Look for a mount at /opt/data (or /mnt/opt/data for Bottlerocket) with significant storage space available.

Starburst Warp Speed status#

Query the Starburst Warp Speed warming status:

curl -X GET 'https://sep.example.com/ext/<catalog-name>/warming/status' \
  -H 'Accept: application/json'

A successful response shows warming status across nodes.

Common warnings#

Safely ignore warnings like Configuration property 'cache-service.password' was not used during startup.

Catalog configuration#

After a successful Cluster configuration, you can configure the desired catalogs to use Starburst Warp Speed.

Only catalogs using the Hive, Iceberg, or Delta Lake connectors can be accelerated:

connector.name=hive
connector.name=iceberg
connector.name=delta_lake

For more details, see Delta Lake considerations, Iceberg considerations, and Hive considerations.
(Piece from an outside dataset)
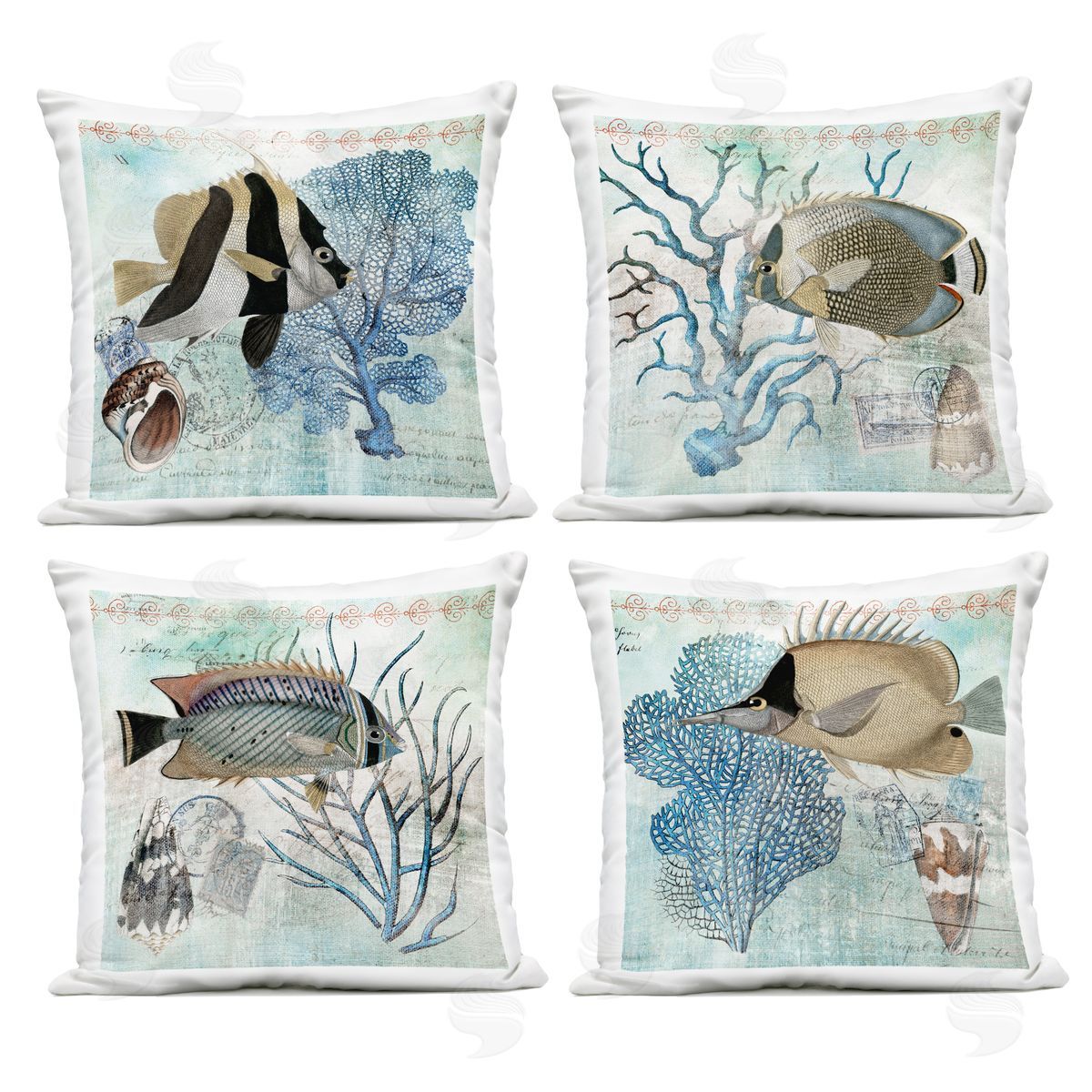 Susan Arnot | Tropical Fish & Coral Collages Printed Throw Pillow Set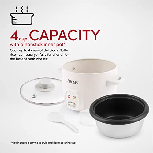 Aroma Housewares 4-Cups (Cooked) / 1Qt. Rice & Grain Cooker (ARC-302NG), White

Only catalogs backed by S3, GCS, and ADLS object storage are supported. For more details, see S3 considerations, GCS considerations, and ADLS considerations.

Update the example catalog that uses the Hive connector with AWS Glue in the values file.

catalogs:
  example: |
    connector.name=hive
    hive.metastore=glue
    ...

Enable Starburst Warp Speed on the catalog by updating the connector name to warp_speed and adding the required configuration properties:

catalogs:
  example: |
    connector.name=warp_speed
    warp-speed.proxied-connector=hive
    warp-speed.cluster-uuid=example-cluster-567891234567
    # Do not configure the following property if you are using a native
    # filesystem implementation.
    warp-speed.config.internal-communication.shared-secret=aLongSecretString
    hive.metastore=glue
    ...

The properties setting the connector name, the proxied connector and the cluster identifier are required.

The shared secret must be set to the same value as the secret for the cluster itself set in sharedSecret:. This is required unless the REST API is disabled.

For testing purposes, or alternatively for permanent usage of a new catalog name, such as faster, in parallel to the existing catalog, you can copy the configuration of a catalog and update it:

catalogs:
  example: |
    connector.name=hive
    hive.metastore=glue
    ...
  faster: |
    connector.name=warp_speed
    warp-speed.proxied-connector=hive
    warp-speed.cluster-uuid=example-cluster-567891234567
    # Do not configure the following property if you are using a native
    # filesystem implementation.
    warp-speed.config.internal-communication.shared-secret=aLongSecretString
    hive.metastore=glue
    ...

This allows you to query the same data with or without Starburst Warp Speed using different catalog names. However, existing scripts and statements that include the old catalog name example are not accelerated.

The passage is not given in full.